Yamatsubaki 山椿
●伊達 俊二(36期)Shunji Date 私はかつて地方で起きた強姦、強姦致死等被告事件の控訴審の国選弁護人として選任された。
被告人は、強姦致死事件のみ否認し、他の強姦既遂事件等は争わなかった。一審の裁判員裁判では全てについて有罪認定され、無期懲役刑が言い渡された。
私は、強姦致死事件のみは、他の者の犯行である可能性があると判断した。
被害者は、11月に行方不明となったが、翌年の5月、笹が茂る原野で白骨死体となって発見された。有罪認定の一番の根拠は、被害者の下着に付着した精液由来の物質のDNA型の一致であった。
第一審の弁護人らは、DNA鑑定結果を徹底的に争い、裁判員裁判は異例の40日間という長期のものとなった。裁判員はDNA鑑定結果が証明されれば被告人は有罪であると考えた。
私は「あなたは強姦致死を否認しているのに、捜査段階でなぜ黙秘したのか。」と被告人に問いかけた。被告人は「弁護人から他は認めてもこの事件だけは黙秘するよう助言されました。」と説明した。

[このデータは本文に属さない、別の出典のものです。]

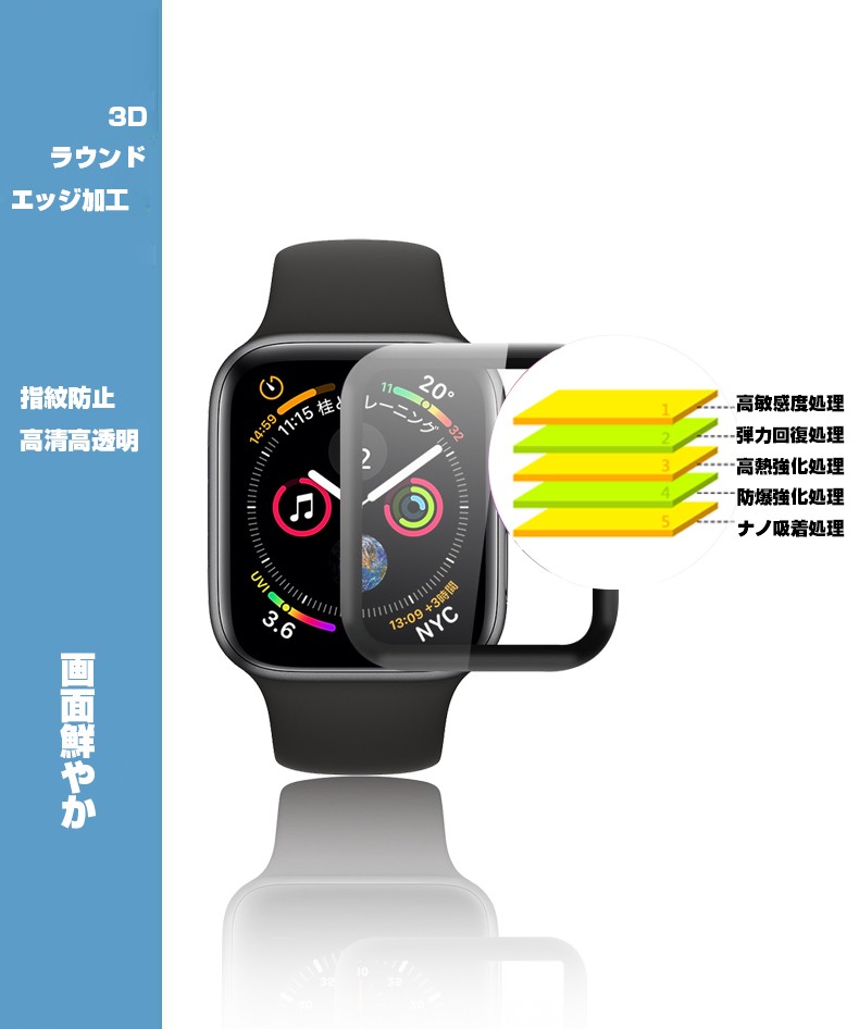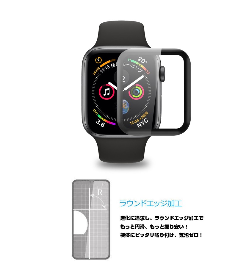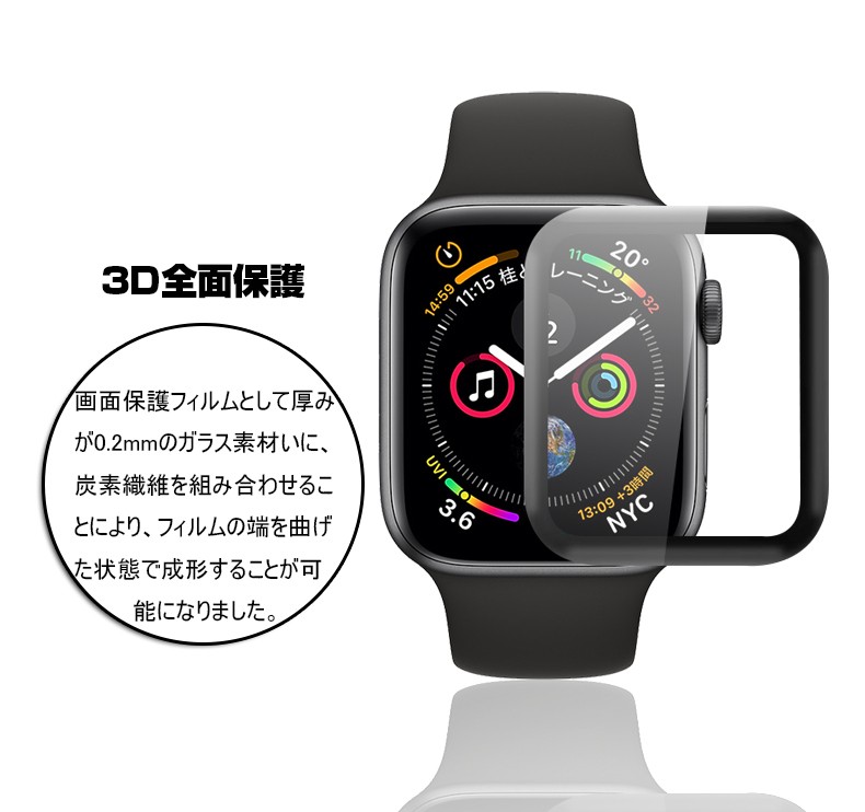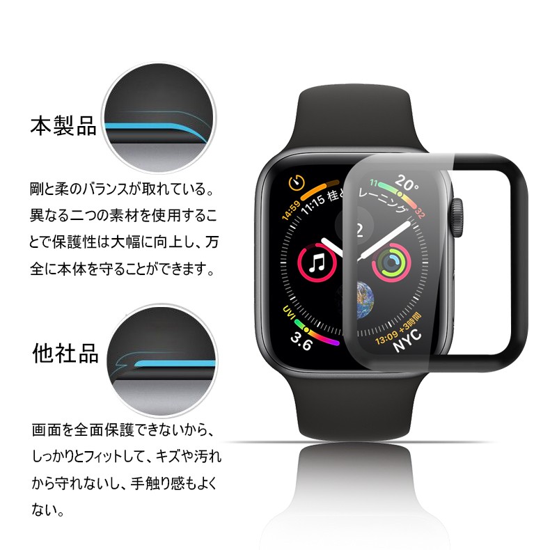 Apple Watch Series 4 3D全面保護 強化ガラス保護フィルム アップルウォッチ Series 4 ソフトフレーム フルーカバー Watch Series 4 曲面 剛柔ガラスフィルム |

裁判員は致死事件のみを黙秘する被告人を見て逆に有罪の心証を得たと思われた。
私は、DNA鑑定結果を争うのは無理と判断した。しかし、記録を見る限り、そもそもその下着が被害女性のものであったとの証拠も無かった。下着は、普段一般女性が穿くような下着ではなかった。死亡後誰かに穿かされた可能性もあった。被害女性の両胸の第4肋骨には、左右均等に、鋭利な刃物様の物で刺された跡が1箇所ずつ残っており、どちらの骨の刺創痕にも血液反応はなかった。つまり、被害女性は、死後相当な時間が経過した後、何者かによって両胸を刃物様の物で刺されたことは明らかであった。
しかし、被告人は、被害女性が行方不明となった日の翌日の朝から勤務先の仕事現場で働いていた。
第一審判決は、被害者は被告人の運転していた車両で連れ去られ、車内で強姦され、一旦解放された後、遺棄された原野で再び強姦行為を受け、その際の暴行が原因で死亡したと認定した。
私は、そもそも暗闇の中で、1メートル以上の笹藪の中で強姦を行い、左右均等に胸を刺せるのか疑問に思い、事務所の高橋和弘弁護士と馬目順子弁護士を連れて、現場で二度実験してみた。地元のマスコミもやって来た。誰もが、犯行は不可能と判断した。人里離れた現場には、全く灯りが無く、数十センチメートル先も見えなかった。
馬目弁護士には事件当日の被害者の服装と同じ格好をしてもらい、遺棄現場に逃げてもらった。高橋弁護士には、刃物で馬目弁護士の両胸を刺す動作をするよう指示した。真っ暗闇の中では不可能であった。控訴審では、被害者の第4肋骨の刺創痕は被告人以外の者によると認定された。にも拘わらず、控訴審は第一審の判断を維持した。上告審も同じであった。
なぜこのような結果となったのか。裁判員裁判が始まり、第一審の判断が重視され、上訴審でその判断を覆すことは相当困難となった。公判前整理手続を経ているため新しく証拠も提出できない。